Pictures should be omitted from your copy. Everything else in the entries below must be restated word for word.

### ENTRIES SUPPLIED

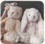
なのさん ・アパレルショップ副店長

1998年栃木県生まれ。18歳までを児童養護施設で過ごす。中学から大学まで柔道部に所属。宇都宮大学卒。在学中は児童相談所一時保護課で嘱託員として3年間勤務。21年頃から小学校の教員となる。趣味は外食。
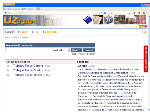
Figura 1: Portal Zaguán de la Universidad de Zaragoza.

bas. La Tabla 1 muestra el conjunto de hitos de entrega de información/datos por parte de los profesores y de resultados por parte de los alumnos. Puede observarse que esta planificación llega hasta la semana 20. Esto es debido a que se cuentan las semanas de vacaciones del primer cuatrimestre, y a que se ha decidido que la última tarea se entregue al finalizar el periodo de exámenes, en vez de al principio.
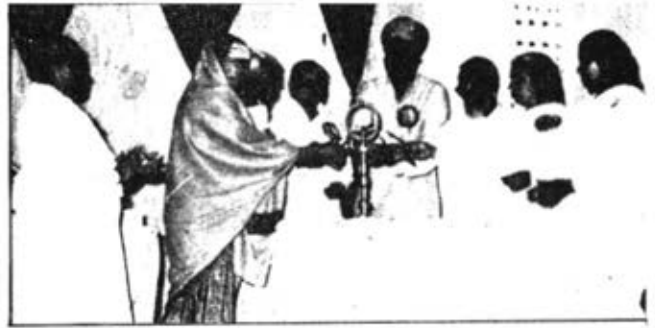
उज्जैन में आयोजित 'सर्व धर्म सम्मेलन' का उद्घाटन दूरध
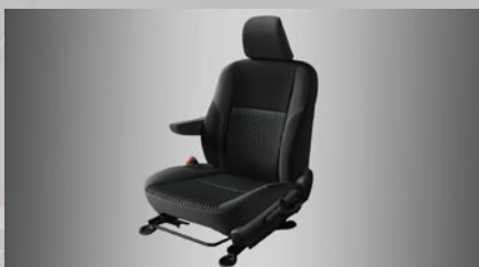
Asiento del conductor con apoyabrazos. (3)
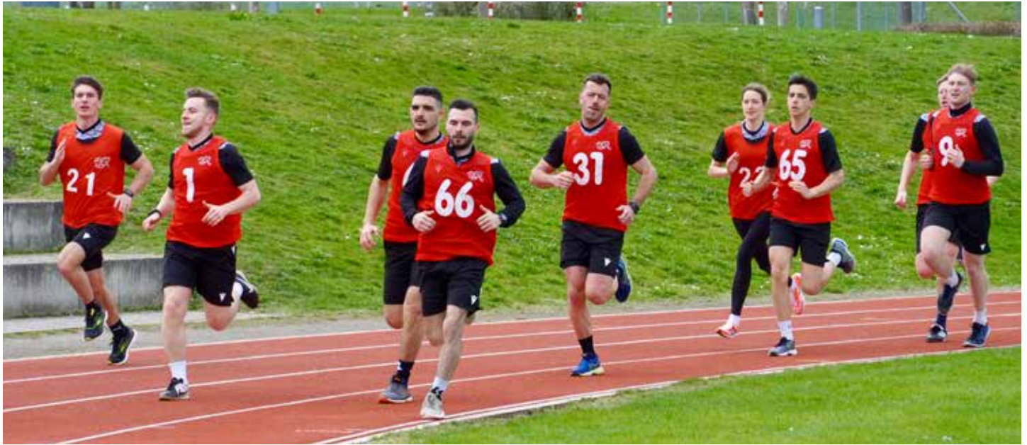
Kurs in Murten.
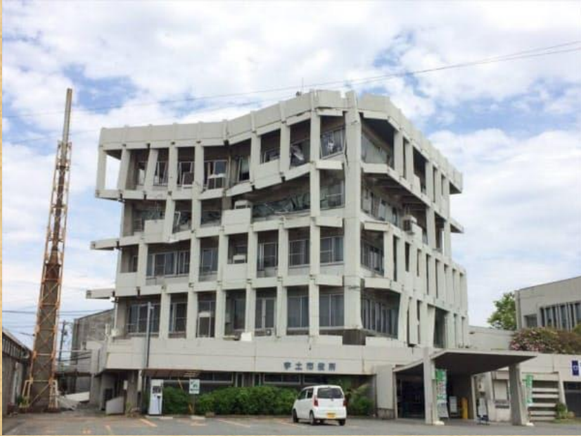
2016年 熊本地震 宇土市
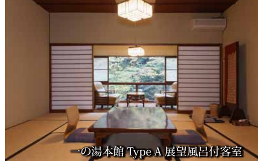
一の湯本館 Type A 展望風呂付客室
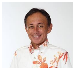
沖縄県知事 玉城 デニー 氏

今回、スポーツ・健康まちづくり優良自治体表彰2021において「沖縄空手振興ビジョン」及び「沖縄空手振興ビジョンロードマップ」に基づく取組が表彰されることを大変喜ばしく思います。ビジョンの基本理念で定めた「保存・継承」、「普及・啓発」、「振興・発展」の3つのキーワードのもとに、沖縄の伝統文化である空手の価値を県民のみならず世界の人々が再認識するとともに、「空手発祥の地・沖縄」の認知度向上及びブランディングを図ります。
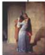
Francesco Hayez Il bacio
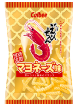
かっぱえびせんマヨネーズ
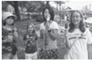
▲ホストファミリーと一緒に
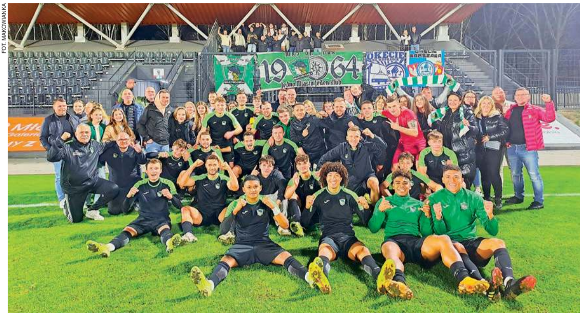
Szczęśliwi piłkarze Makowianki z kibicami po wygranej w Warszawie
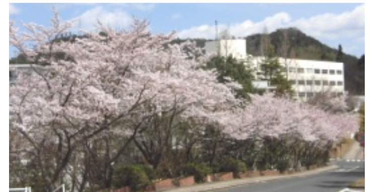
鳥取看護大学を望む。 華麗な桜
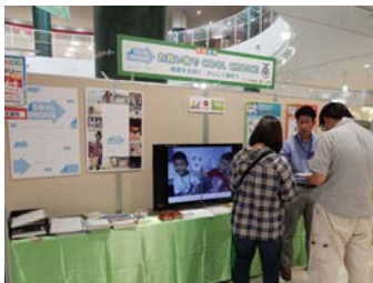
ユニーの環境展ブース
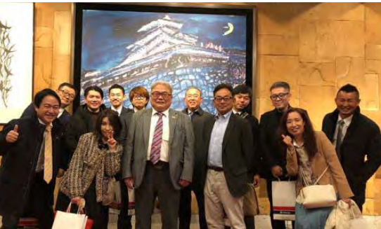
熊本クラブ DBC 交流
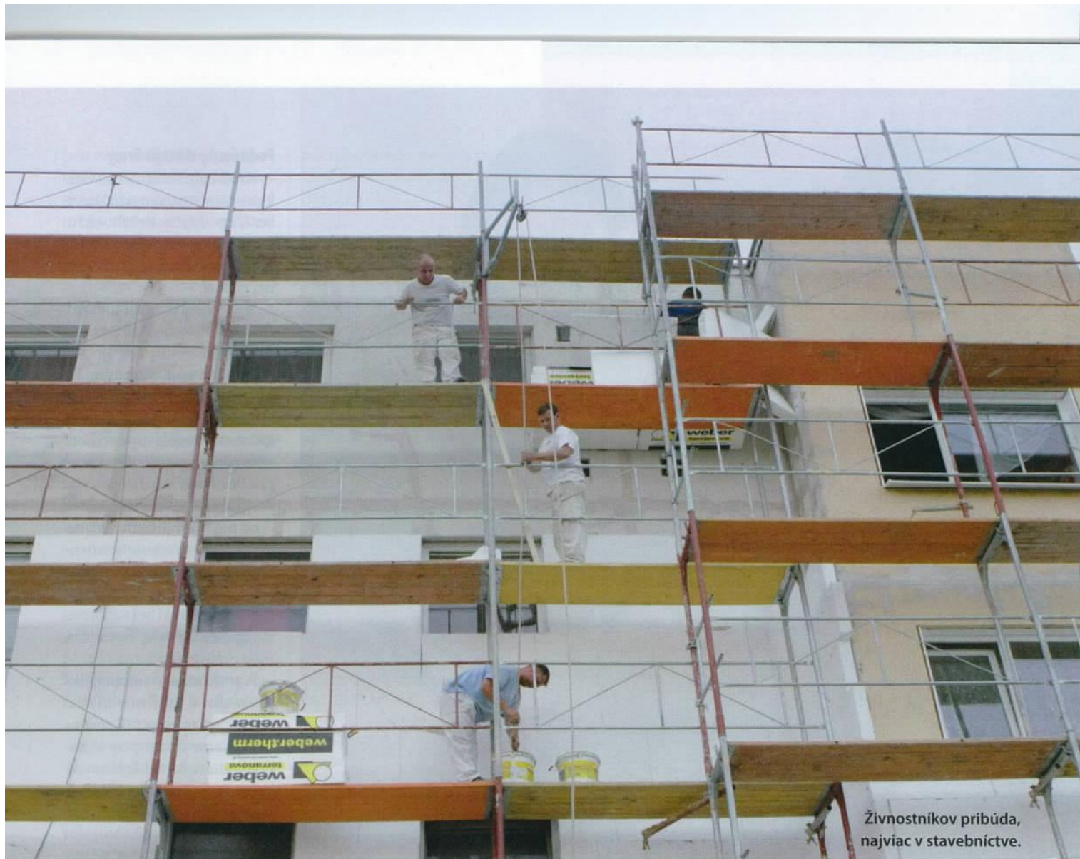
Živnostníkov pribúda, najviac v stavebníctve.
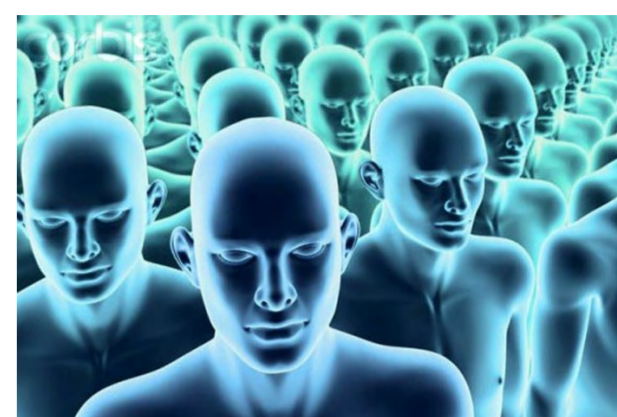
Люди-роботы. Люди с чипами... Куда ведут человечество?

И священник, и психолог, и психотерапевт должны каждый заниматься своим делом, а сообща — помогать человеку. Успех их взаимного действия зависит, в том числе, от распространения того духовного опыта, которым обладает Православная Церковь, но с
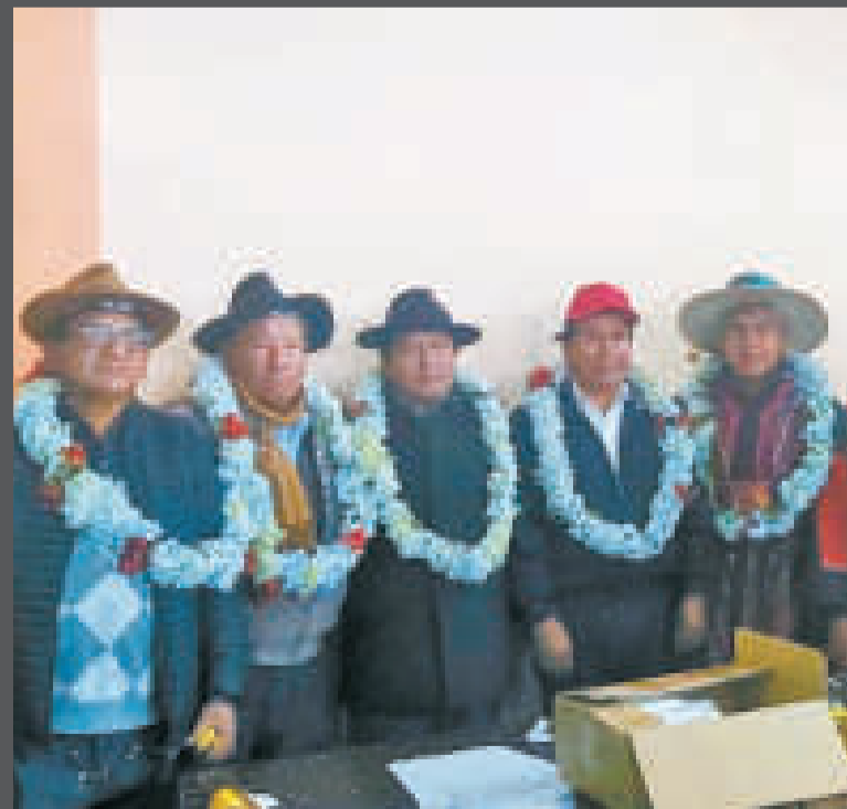
Fundadores del MAS-IPSP.
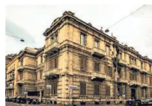
▲ L'ex Nautico Palazzo Zuccaro
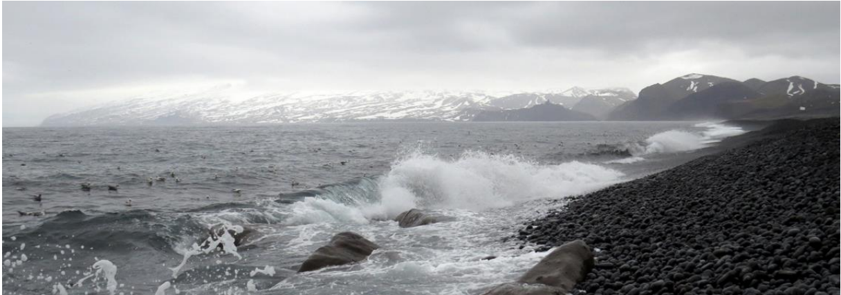
Jan Mayen (boven)
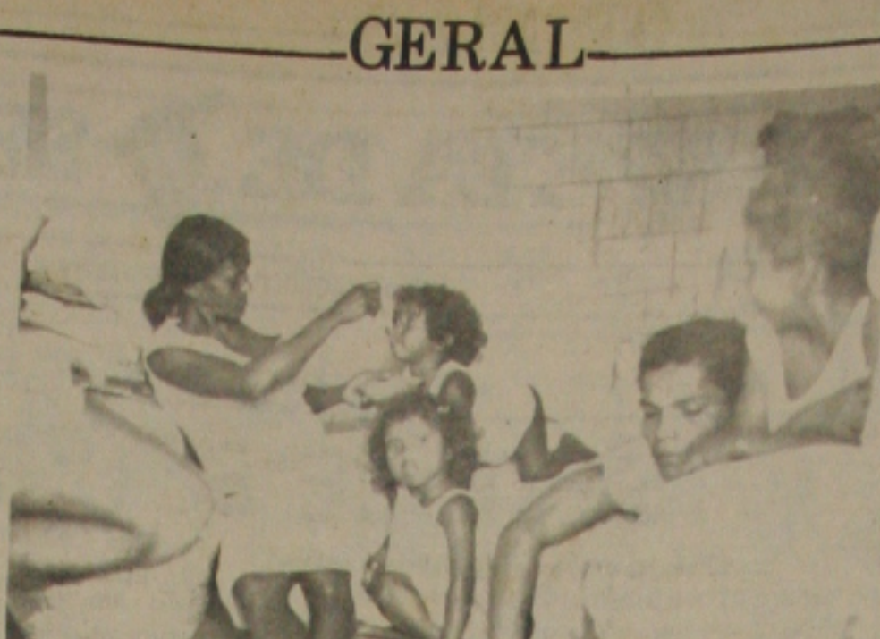
As crianças, naturalmente são as onde outrora foi um sanitário, arriscando-se a contrair graves enfermidades.
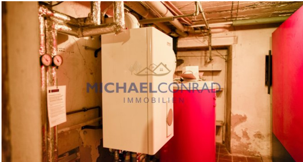
Gasheizung (Gas in Straße)
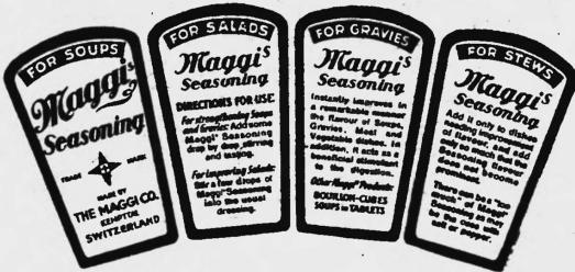
Die Marke wird gelb und rot ausgeführt.

Nr. 114746. Hinterlegungsdatum: 22. März 1946, 18 Uhr. Fabrik von Maggis Nahrungsmitteln, Kempththal (Schweiz). Fabrik- und Handelsmarke.
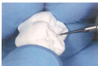
グループ調整あり
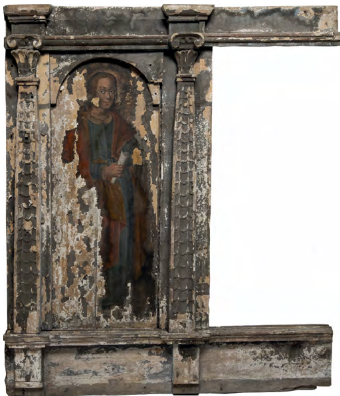
5 Św. Tomasz (?), fragment rzędu apostołów, Nowoberezowo, cerkiew św. Jana Teologa, ikonostas, 2.-3. ćw. XVII w. (?). Fot. Piotr Jamski, 2023
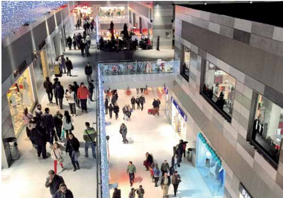
Navidad en el Centro Comercial L'Épicentre.

Por último, una de las inauguraciones más esperadas por los clientes del Norte de Valencia para los próximos meses, es la llegada de Lefties, una de las marcas más punteras del grupo Inditex.
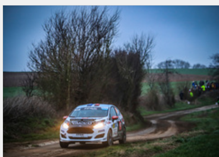
CFRJ - Rallye Le Touquet Pas-de-Calais

Les jeunes pilotes, plus ou moins expérimentés, devront composer au volant de Fiesta 2 RJ sur les routes piégeuses et dans les conditions météorologiques souvent difficiles de ce rallye.
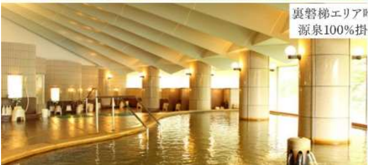
裏磐梯エリア唯一の自噴式 源泉100%掛け流し温泉
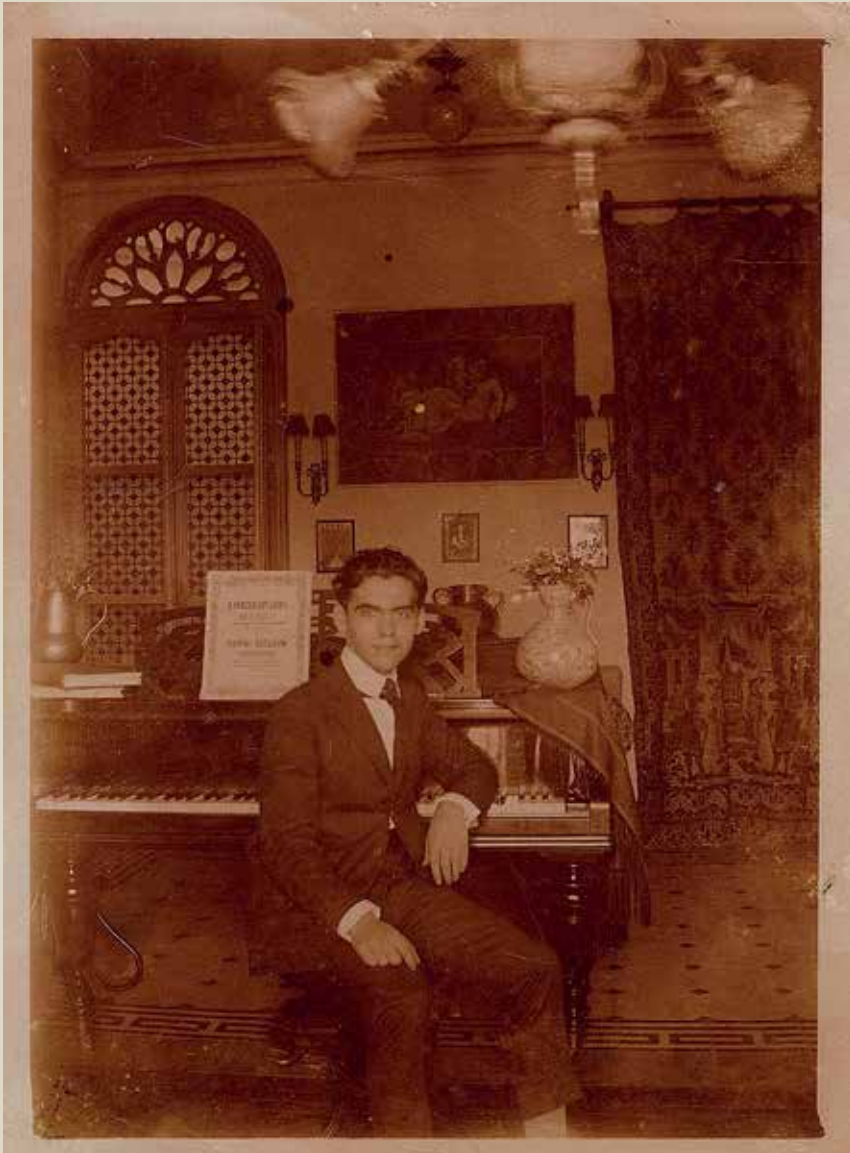
Federico ante su piano en la casa de la Acera del Casino.
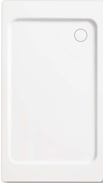
Model 440 z nośnikiem ze styropianu
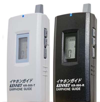
▲イヤホンガイド KR-500 (左) 送信機 (右) 受信機
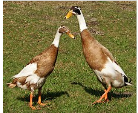
Zwei Laufenten, rehbraun-weiß-gescheckt

Laufenten werden in Deutschland in folgenden zehn Farbschlägen gezüchtet: wildfarbig (vergleichbar der Stockente ), forellensfarbig, silberwildfarbig, rehfarbig-weißgescheckt, erbsgelb, blaugelb, weiß, schwarz, braun und blau. Die in Deutschland anerkannten Farbschläge müssen durchgezüchtet sein und dürfen nach der Verpaarung nicht in andere Farben aufspalten.
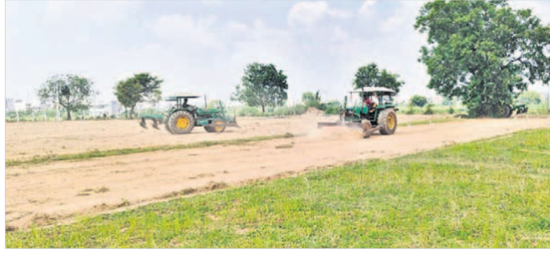
బహిరంగ సభాస్థలాన్ని డోజర్లతో చదును చేస్తున్న ధ్వజం
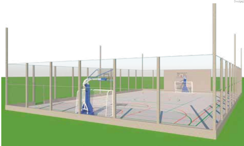
Projeto da nova quadra poliesportiva
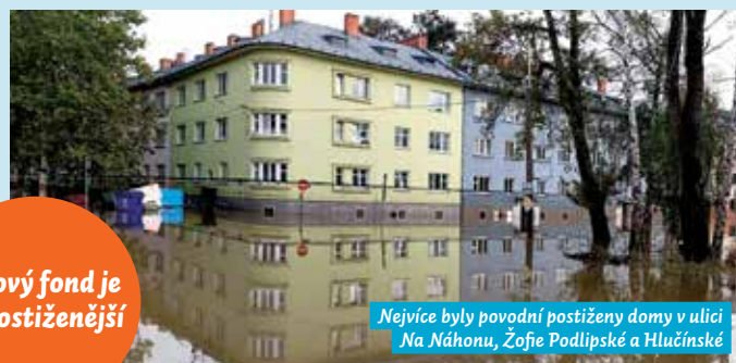
Nejvíce byly povodní postiženy domy v ulici Na Náhonu, Žofie Podlipské a Hlučinské

domů a úklid veřejného prostranství, odstranění bahna ze sklepů domů, poškozené kotelny a strojovny výtahů,

######

▶ _ANSWER BOX_:
なのさん ・アパレルショップ副店長

1998年栃木県生まれ。18歳までを児童養護施設で過ごす。中学から大学まで柔道部に所属。宇都宮大学卒。在学中は児童相談所一時保護課で嘱託員として3年間勤務。21年頃から小学校の教員となる。趣味は外食。
Figura 1: Portal Zaguán de la Universidad de Zaragoza.

bas. La Tabla 1 muestra el conjunto de hitos de entrega de información/datos por parte de los profesores y de resultados por parte de los alumnos. Puede observarse que esta planificación llega hasta la semana 20. Esto es debido a que se cuentan las semanas de vacaciones del primer cuatrimestre, y a que se ha decidido que la última tarea se entregue al finalizar el periodo de exámenes, en vez de al principio.
उज्जैन में आयोजित 'सर्व धर्म सम्मेलन' का उद्घाटन दूरध
Asiento del conductor con apoyabrazos. (3)
Kurs in Murten.
2016年 熊本地震 宇土市
一の湯本館 Type A 展望風呂付客室
沖縄県知事 玉城 デニー 氏

今回、スポーツ・健康まちづくり優良自治体表彰2021において「沖縄空手振興ビジョン」及び「沖縄空手振興ビジョンロードマップ」に基づく取組が表彰されることを大変喜ばしく思います。ビジョンの基本理念で定めた「保存・継承」、「普及・啓発」、「振興・発展」の3つのキーワードのもとに、沖縄の伝統文化である空手の価値を県民のみならず世界の人々が再認識するとともに、「空手発祥の地・沖縄」の認知度向上及びブランディングを図ります。
Francesco Hayez Il bacio
かっぱえびせんマヨネーズ
▲ホストファミリーと一緒に
Szczęśliwi piłkarze Makowianki z kibicami po wygranej w Warszawie
鳥取看護大学を望む。 華麗な桜
ユニーの環境展ブース
熊本クラブ DBC 交流
Živnostníkov pribúda, najviac v stavebníctve.
Люди-роботы. Люди с чипами... Куда ведут человечество?

И священник, и психолог, и психотерапевт должны каждый заниматься своим делом, а сообща — помогать человеку. Успех их взаимного действия зависит, в том числе, от распространения того духовного опыта, которым обладает Православная Церковь, но с
Fundadores del MAS-IPSP.
▲ L'ex Nautico Palazzo Zuccaro
Jan Mayen (boven)
As crianças, naturalmente são as onde outrora foi um sanitário, arriscando-se a contrair graves enfermidades.
Gasheizung (Gas in Straße)
Die Marke wird gelb und rot ausgeführt.

Nr. 114746. Hinterlegungsdatum: 22. März 1946, 18 Uhr. Fabrik von Maggis Nahrungsmitteln, Kempththal (Schweiz). Fabrik- und Handelsmarke.
グループ調整あり
5 Św. Tomasz (?), fragment rzędu apostołów, Nowoberezowo, cerkiew św. Jana Teologa, ikonostas, 2.-3. ćw. XVII w. (?). Fot. Piotr Jamski, 2023
Navidad en el Centro Comercial L'Épicentre.

Por último, una de las inauguraciones más esperadas por los clientes del Norte de Valencia para los próximos meses, es la llegada de Lefties, una de las marcas más punteras del grupo Inditex.
CFRJ - Rallye Le Touquet Pas-de-Calais

Les jeunes pilotes, plus ou moins expérimentés, devront composer au volant de Fiesta 2 RJ sur les routes piégeuses et dans les conditions météorologiques souvent difficiles de ce rallye.
裏磐梯エリア唯一の自噴式 源泉100%掛け流し温泉
Federico ante su piano en la casa de la Acera del Casino.
Model 440 z nośnikiem ze styropianu
▲イヤホンガイド KR-500 (左) 送信機 (右) 受信機
Zwei Laufenten, rehbraun-weiß-gescheckt

Laufenten werden in Deutschland in folgenden zehn Farbschlägen gezüchtet: wildfarbig (vergleichbar der Stockente ), forellensfarbig, silberwildfarbig, rehfarbig-weißgescheckt, erbsgelb, blaugelb, weiß, schwarz, braun und blau. Die in Deutschland anerkannten Farbschläge müssen durchgezüchtet sein und dürfen nach der Verpaarung nicht in andere Farben aufspalten.
బహిరంగ సభాస్థలాన్ని డోజర్లతో చదును చేస్తున్న ధ్వజం
Projeto da nova quadra poliesportiva
Nejvíce byly povodní postiženy domy v ulici Na Náhonu, Žofie Podlipské a Hlučinské

domů a úklid veřejného prostranství, odstranění bahna ze sklepů domů, poškozené kotelny a strojovny výtahů,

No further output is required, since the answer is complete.